Given how broken the budget process has been of late, it’s worth a reminder on what a normal spring budget season should look like. Each year, Congress is supposed to develop a joint budget resolution that sets limits on spending, particularly appropriations, as well as targets for federal revenue. After the Office of Management and Budget publishes the president’s budget request in early February, the House and Senate Budget Committees draft and mark-up budget resolutions, which then go to their respective chamber floors for votes (assuming they make it out of committee markup). If adopted in both chambers, a conference committee is then convened between the two bodies to resolve differences between their budget resolutions. (While this notionally is supposed to take place by April 15, it often takes longer.)
If a joint budget resolution is agreed to, the appropriations committees take up their work on the twelve appropriations subcommittees bills based on the budget resolution’s topline numbers. If a joint budget resolution is not passed, government appropriations are typically funded at roughly the previous years’ appropriations levels, either as an omnibus budget or a hodgepodge of continuing resolutions for the twelve appropriations. For a few years now, our government has been funded by a series of continuing resolutions, the most recent of which funds operations through September 30, 2013 (the end of FY2013).
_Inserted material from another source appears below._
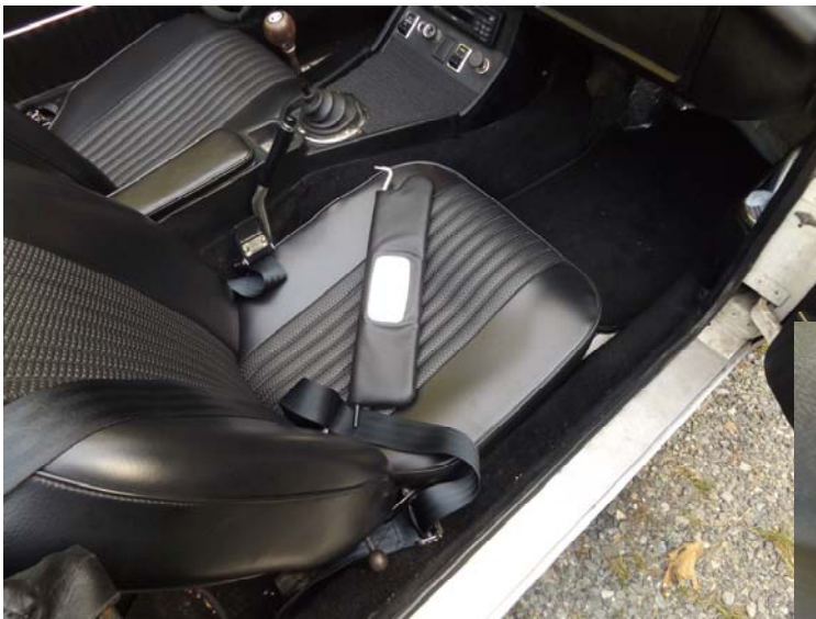
The unexpected ignition source

I am extremely lucky that I was not called away for even a few minutes from putting the top up. That would have been hard to explain to Hagerty!
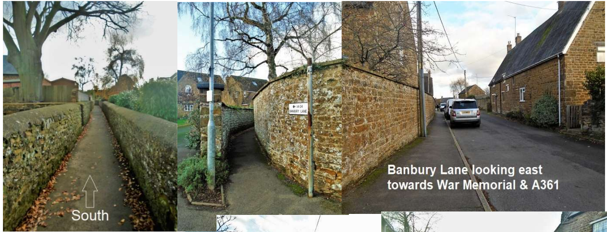
Banbury Lane looking east towards War Memorial & A361

This lack of progress on negotiating a budget resolution was one of the major topics discussed Tuesday at the Peter G. Peterson Foundation’s annual Fiscal Summit. House Budget Committee chair Paul Ryan (R-WI), ranking member Chris Van Hollen (D-MD) and Senate Budget Committee chair Murray each provided perspectives on why conferencing on the budget is unlikely to happen for 2014—with one of the major reasons being the huge ideological gap between the budgets. Ryan, for instance, noted that the two budgets have very different goals: while the House version gets to budget balance at the end of the ten year window, the Senate version runs a 2.2 percent deficit in 2023.1 Despite Ryan’s insistence that a budget balance in ten years, his FY2013 budget request last year didn’t achieve balance until 2040 (as scored by the CBO (pdf), and based on implausibly high revenue level assumptions that CBO was forced to accept). That budget, in fact, ended the decade with deficits only 1 percentage point lower than the Senate’s 2014 proposal.
Enduring stalemates in the budget process leads to reliance on short-term fixes and last-minute negotiations that predictably result in bad policy outcomes. As Congress continues to choose to create arbitrary fiscal deadlines and manufacture crises around those deadlines (e.g., concerns about the “fiscal cliff” and the lame duck budget deal’s failure to address the economic challenge at hand), the American people are the ones bearing the negative impacts. As Murray stated at the Peterson summit, “by not having a budget today, it means families and businesses have to live with very bad budget policy decisions.” Indeed, instead of the usual deliberative budget process, we are currently stuck with sequestration guiding our fiscal future for the time being—a policy designed to be so awful that Congress was expected to go to the lengths necessary avoid it. Instead it is now the law of the land.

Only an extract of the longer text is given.